If you’d prefer NeuralTrust to host the Control Plane UI, see GCP hybrid instead.
What you’ll end up with
| Component | Location | Replicas (default) |
|---|
| Control Plane API | Your GKE cluster | 2 |
| Control Plane UI | Your GKE cluster | 2 |
| Control Plane Scheduler | Your GKE cluster | 1 |
| Data Plane API | Your GKE cluster | 2 |
| Data Plane worker | Your GKE cluster | 1 |
| Kafka Connect | Your GKE cluster | 1 |
| TrustGate admin / gateway / actions | Your GKE cluster | 2 each |
| Firewall gateway + 5 workers | Your GKE cluster | 2 + 5 |
| ClickHouse, Kafka, PostgreSQL, Redis | Your GKE cluster (or external) | 1 each |
Sizing baseline: ~21–23 vCPU / 45–50 GiB RAM / 80 GiB PVC. For full image inventory, see Image catalog.
Prerequisites
| Resource | Recommended |
|---|
| GKE version | 1.28+ |
| Cluster mode | Standard (recommended) or Autopilot |
| CPU pool machine type | n2-standard-8 (8 vCPU / 32 GiB) |
| Min CPU nodes | ≥ 5 across 3 zones (regional cluster).

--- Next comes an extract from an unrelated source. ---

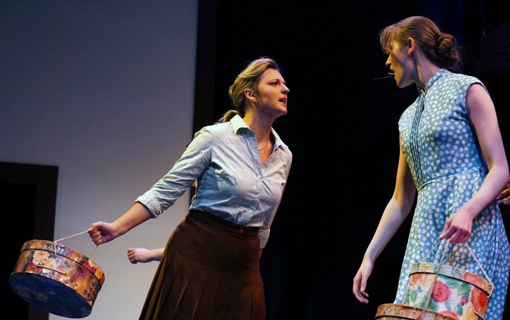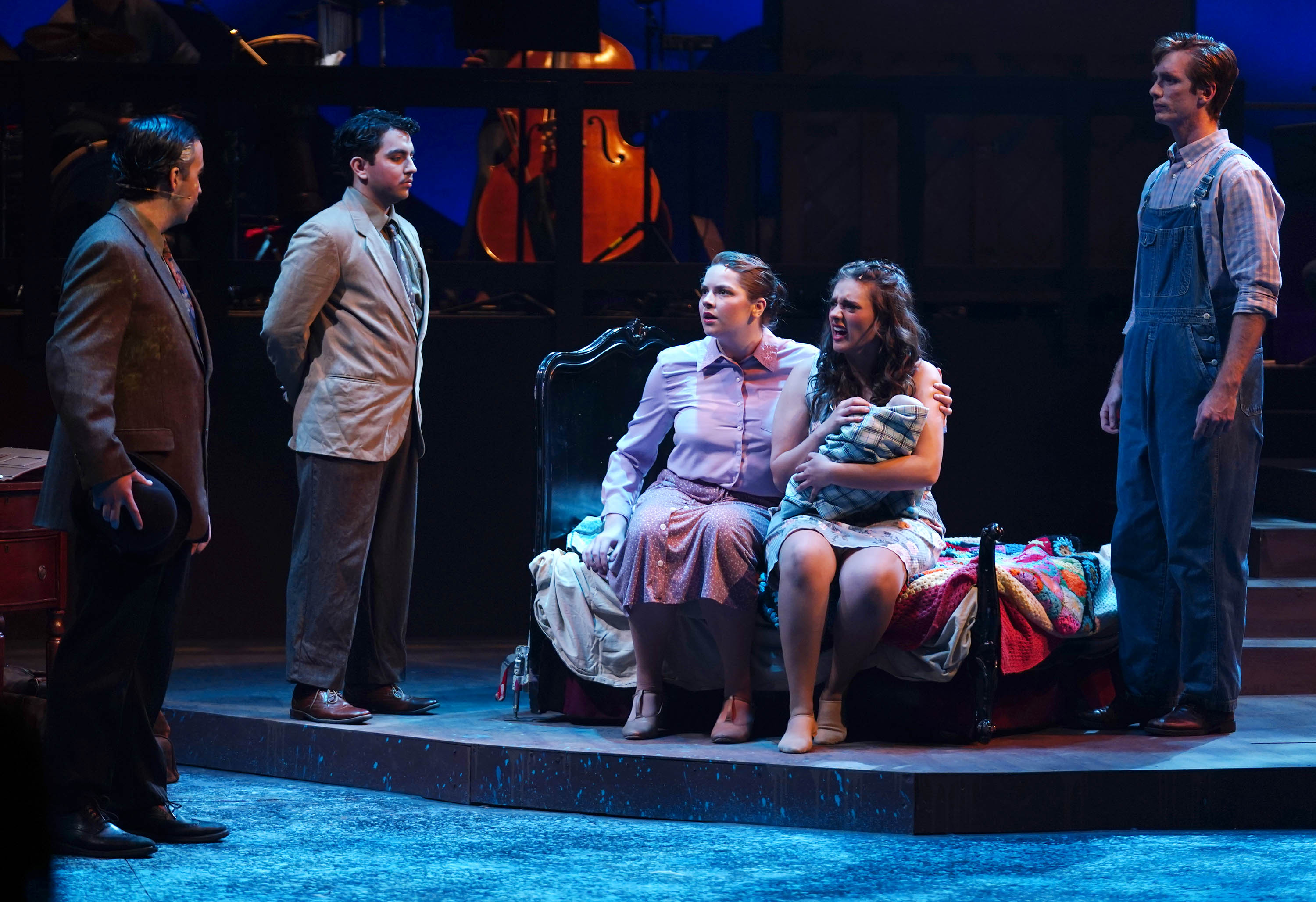 Alice Murphy (played by Kailey Mazur, center) protects her baby in “Bright Star” at Ethington Theatre. -

Drop to 4 if Firewall workers run on GPU nodes. |
| GPU pool (optional, for GPU Firewall) | n1-standard-4 + 1 × T4 — 5 nodes (one per default Firewall worker) |
| Sizing baseline | ~23.1 vCPU / 61.8 GiB requests / 80 GiB PVC (defaults, CPU Firewall) |
| Storage | pd-ssd recommended for ClickHouse + PostgreSQL in self-hosted |
| DNS | A control over a base domain (e.g. platform.example.com) |
| Image pull | gcr-keys.json from NeuralTrust |
Step 1 — Provision the GKE cluster
gcloud container clusters create neuraltrust \
--region <REGION> \
--num-nodes 2 \
--machine-type n2-standard-8 \
--release-channel regular \
--addons HorizontalPodAutoscaling,HttpLoadBalancing,GcePersistentDiskCsiDriver
gcloud container clusters get-credentials neuraltrust --region <REGION>
--num-nodes 2 is per-zone in a regional cluster → 6 worker nodes across 3 zones, which fits the self-hosted CPU pool with HA headroom.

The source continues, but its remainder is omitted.